Early Copy Protection on the Apple II - StylifyYourBlog
http://www.fadden.com/techmisc/cassette-protect.htm
======
fit2rule
My earliest memory defeating copy protection went like this: typical for games
of my system in those days, programs were loaded from tape, and often
consisted of a small stub program in BASIC to do loading/protection, followed
by raw assembly loaded directly into memory .. if you tried to break out of
the game and return to the BASIC interpreter, the stub loader would trap the
break and issue a "NEW" command, 'wiping' the program from memory.
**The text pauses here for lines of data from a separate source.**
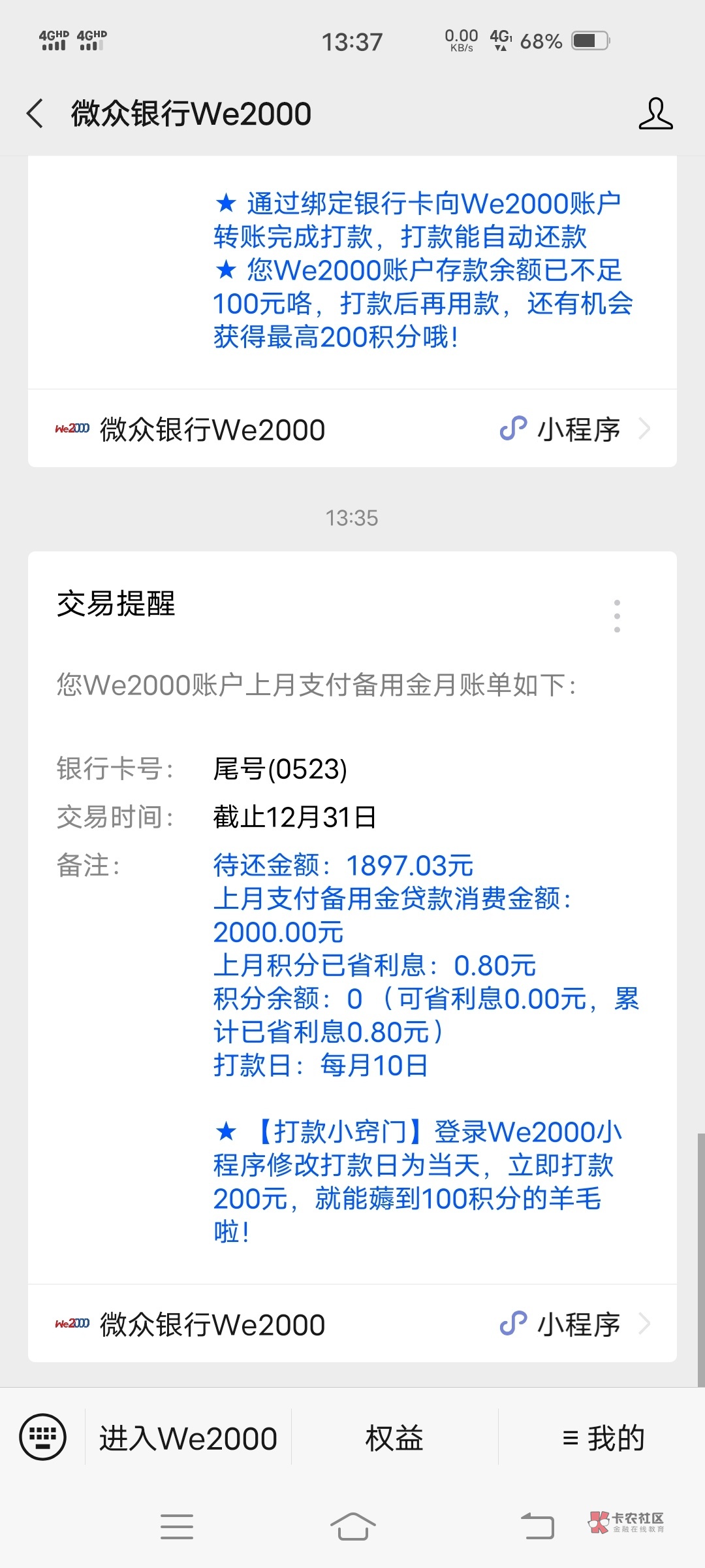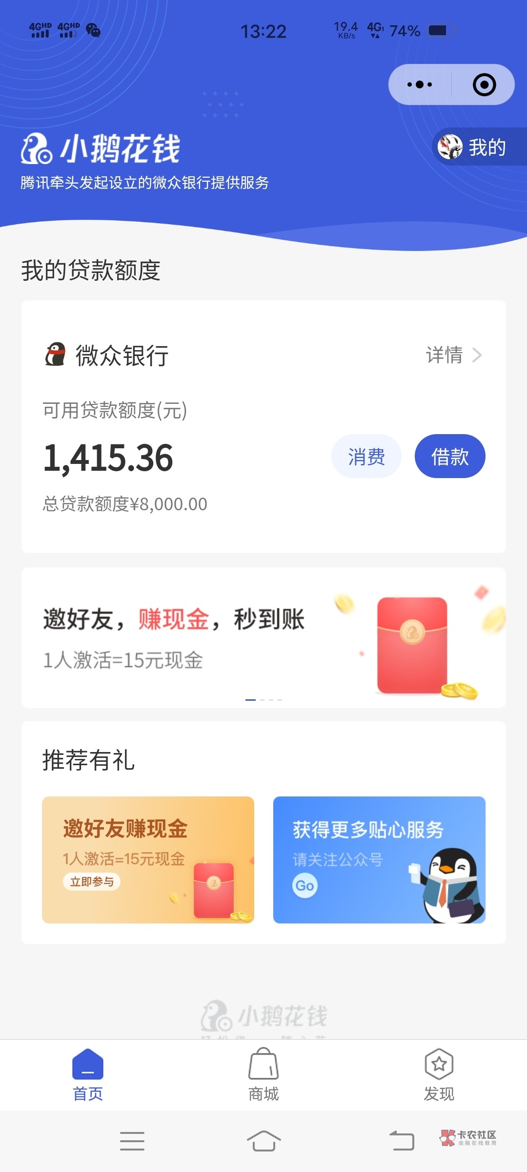 我是凌晨把小鹅分期了,we2000还了200进去,今早起来就来短信开通了20k
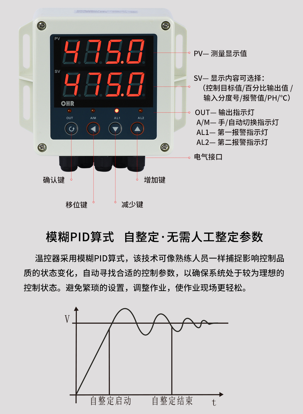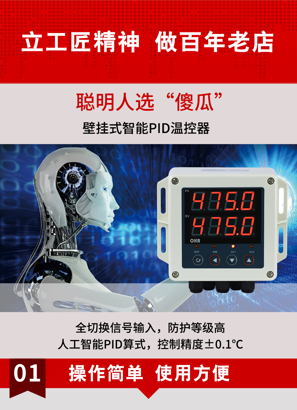 OHR-BG30/BG40系列壁掛式智能溫控器/60段程序溫控器采用了表面貼裝工藝,全自動(dòng)貼片機(jī)生產(chǎn),具有很強(qiáng)的抗干擾能力。本儀表采用人工智能算式,儀表啟動(dòng)自整定功能,可以根據(jù)被控對(duì)象的特性,自動(dòng)尋找參數(shù)以達(dá)到很好的控制效果,無(wú)需人工整定參數(shù),控溫精度基本達(dá)±0.2℃,無(wú)超調(diào)、欠調(diào),性?xún)r(jià)比高。
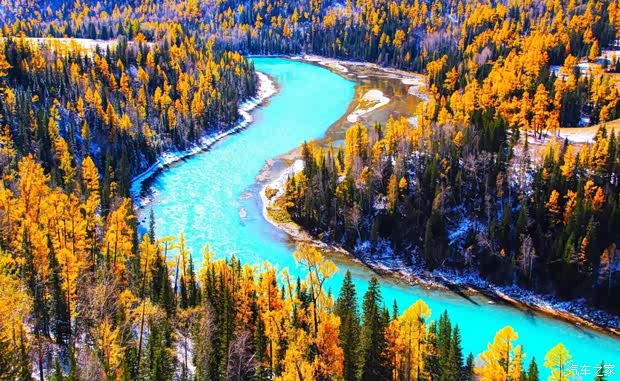 秋天的喀纳斯天高云淡,蓝天如洗,层林尽染,满目流金,
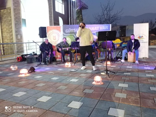 Gürsu Belediyesi’nin sosyal medya hesapları üzerinden canlı olarak yayımlanan konser, Gürsu’nun yeni kültür, sanat ve etkinlik merkezi olarak hizmet vermeye başlayan Gençlik Merkezi önünde gerçekleştirildi.
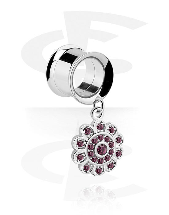 Double flared tunnel (acciaio chirurgico, argento) con ciondolo con fiore e cristallini
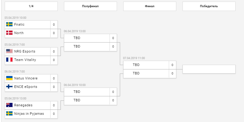 05.04.2019: -7:00 NRG Esports vs Team Vitality команды более-менее равные но должны выиграть NRG Esports. -10:00 Fnatic vs North явный фаворит Fnatic. -13:00 Renegades vs Ninjas in Pyjamas фаворита тут Renegades т.к. показали отличное выступление на IEM Katowice. 06.04.2019: -7:00 Natus Vincere vs ENCE eSports это будет самая интересная игра (для меня xD топим за нави) Natus Vincere должны вернуть должок за Major. -10:00 игра за выход в финал скорее всего Renegades vs Natus Vincere фавориты Natus Vincere. -13:00 еще 1 матч за выход в финал Fnatic vs NRG Esports для меня фавориты тут NRG Esports. 07.04.2019: -11:00 финал Natus Vincere vs NRG Esports я считаю, что фавориты Natus Vincere. вот такое расписание матчей и вот такой мой прогноз) пишите комментарии кто как считает, буду рад почитать.
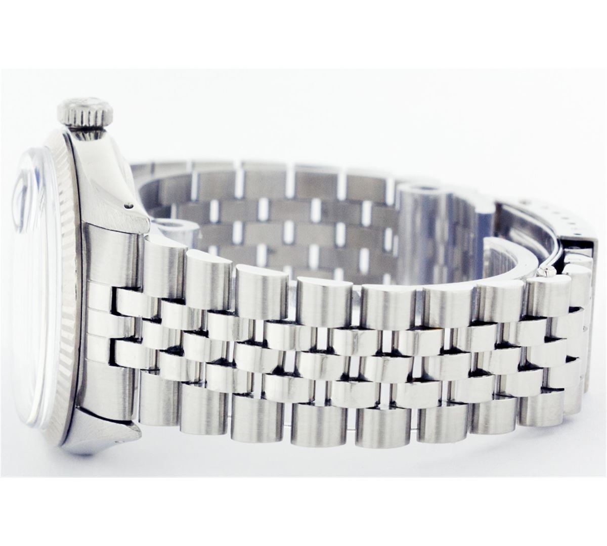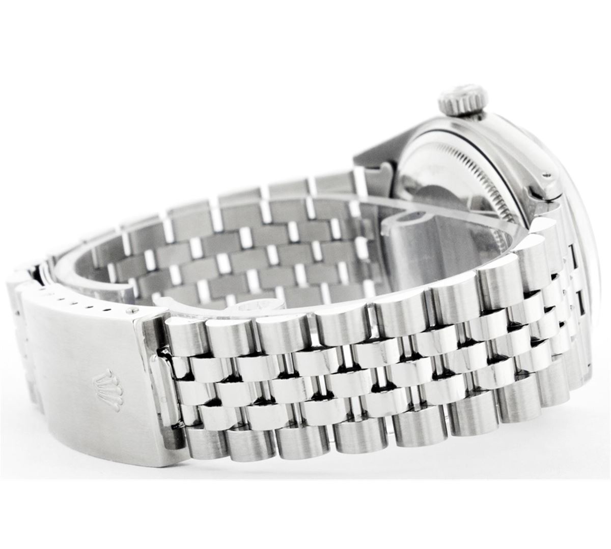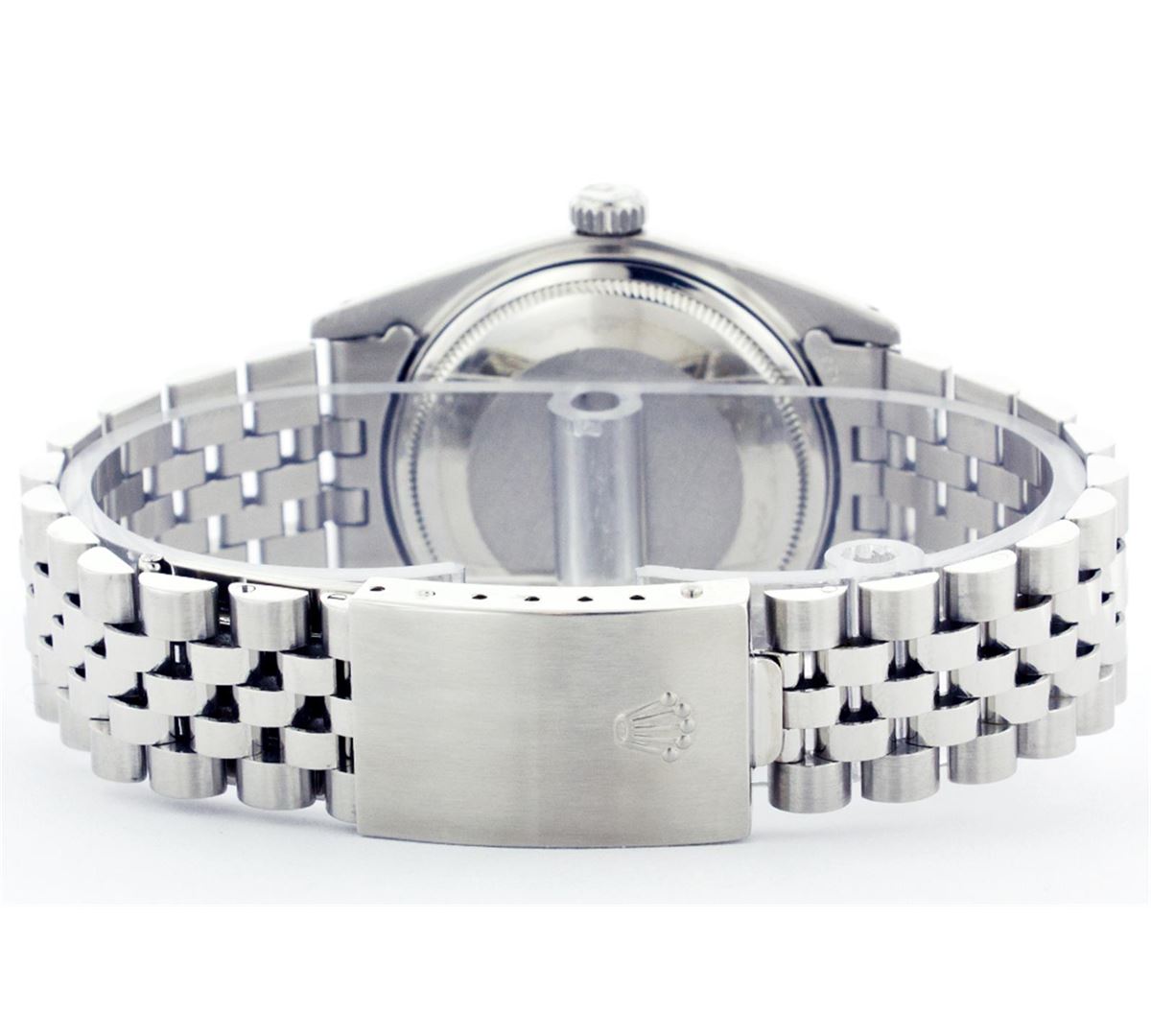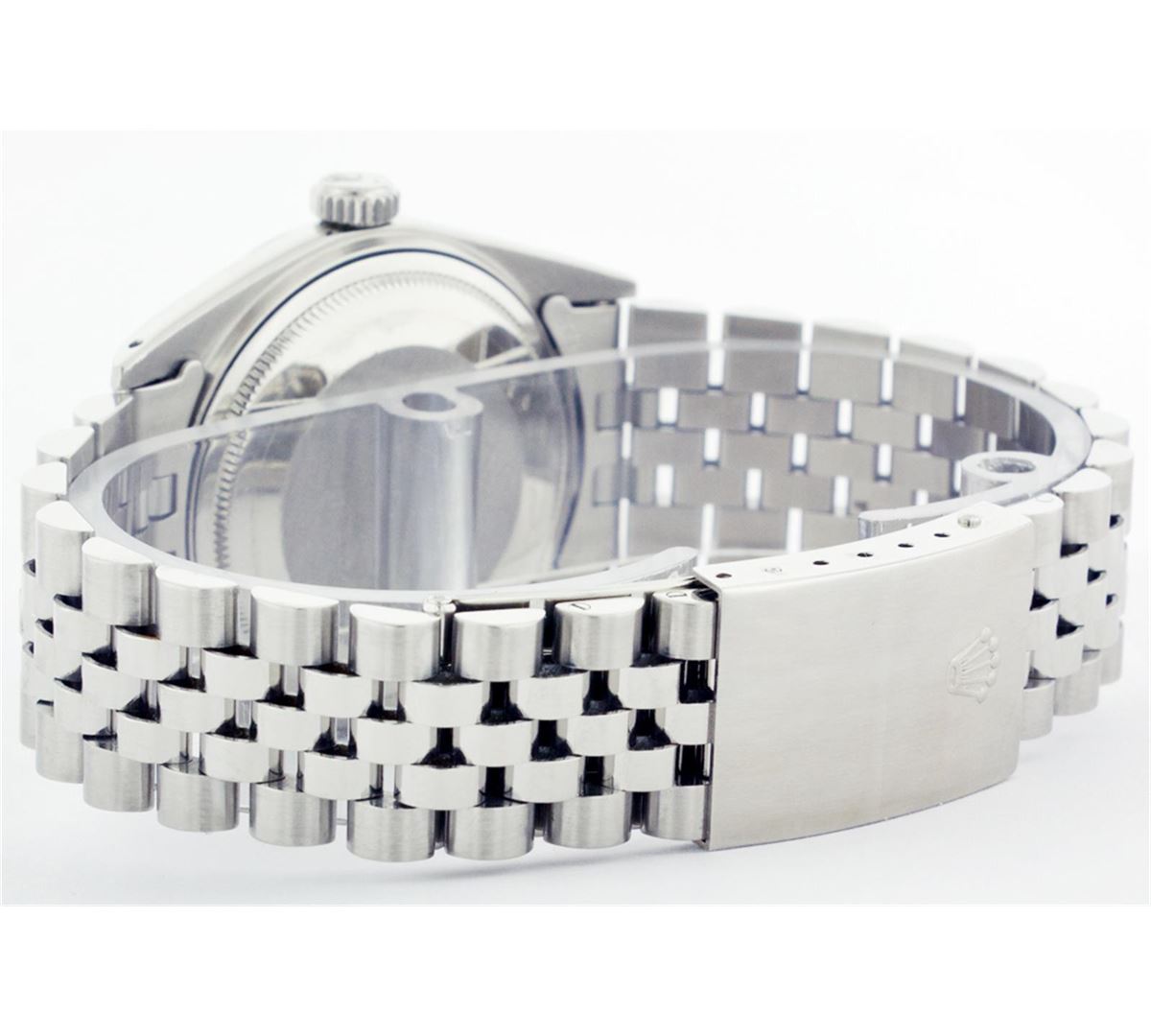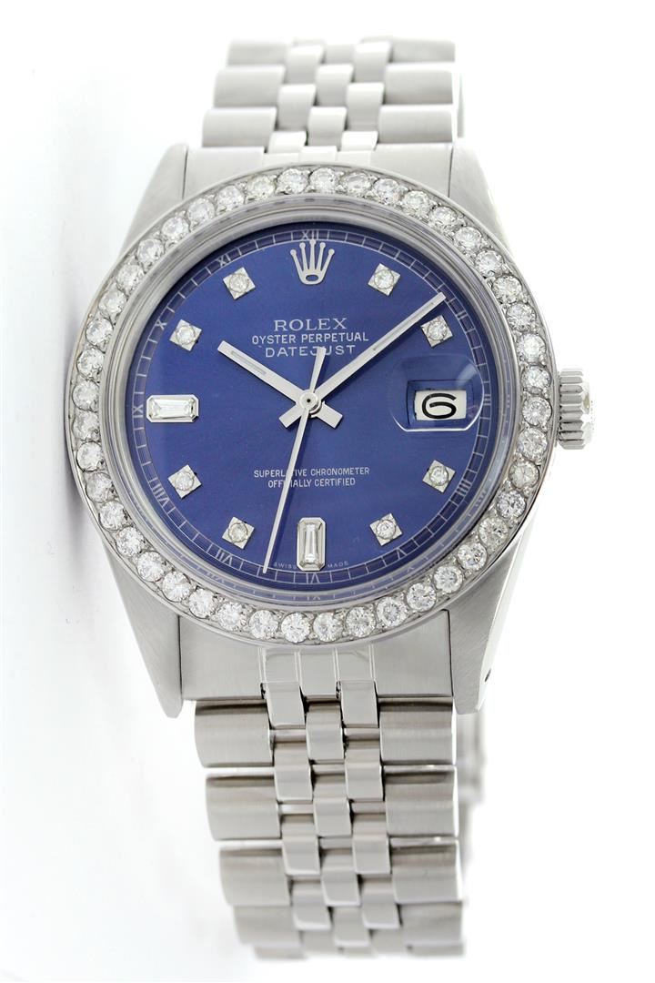 One Gents Rolex Datejust Polished, Serviced & Electronically Tested, Stainless Steel Case:36mm, Stainless Steel Crown, Custom Bezel: Stainless Steel Beadset Diamond Bezel, Diamond Count: 44 Diamonds Total Weight 2.00 Carat, Clarity: SI-VS, Color: G to H. Custom Crystal: Synthetic Sapphire Cyclops Lens. Movement: Automatic Winding Movement Caliber 3035. Custom Dial: Blue With Diamond Hour Markers, 8 Diamonds + 2 Baguettes On Dial G To H In Color, Clarity: SI-VS. Date Window: 3 O'Clock Position Date Display, Quickset, Model: 16014 Condition: G-6 Extra Fine. Bracelet: Stainless Steel Jubilee. Bright Polish & Satin Finish. 6.5 Inch Length, Adjustable. Standard Clasp, With Rolex Logo.

Well, someone figured out that all the NEW command did was set a single byte
to #400, which was the top of usable memory or something, and then the
interpreter would see .. nothing. So we wrote an "OLD" command that simply
replaced that value with maximum memory avialable - and voila, program loaded
again! I'll never forget the joy of typing in that 10-line OLD command,
loading up a protected game, breaking into BASIC, seeing that the game had
been 'wiped', then typing 'OLD' to get it all back again .. so I could save it
to tape again. That moment sent me off on a wonderful journey that is still
not over, 30 years later .. I think copy protection is responsible for
motivating more software development by hackers over the decades than,
perhaps, any other aspect ..

------
patcheudor
Wow, that brought back some memories. I used a darkStar SYSTEMS Snapshot board
on my II+ to copy the contents of a program running in RAM to disk so I could
then use assembler to edit out the copy protection. While my original Snapshot
board is long lost, I still have the IIe version. I believe this would qualify
as a hacking unicorn:

[http://defaultstore.com/copycat.png](http://defaultstore.com/copycat.png)

------
kazinator
The later protections were very interesting also.

The Apple II disk drives featured head movement that was operated by
programmed I/O. For increments of a stepper motor were required to go from one
track to another. This made it possible to write data in quarter track
increments, giving rise to one copy protection scheme.

A conventional track-by-track disk copy program would not correctly copy data
written in a spiral pattern using quarter track increments.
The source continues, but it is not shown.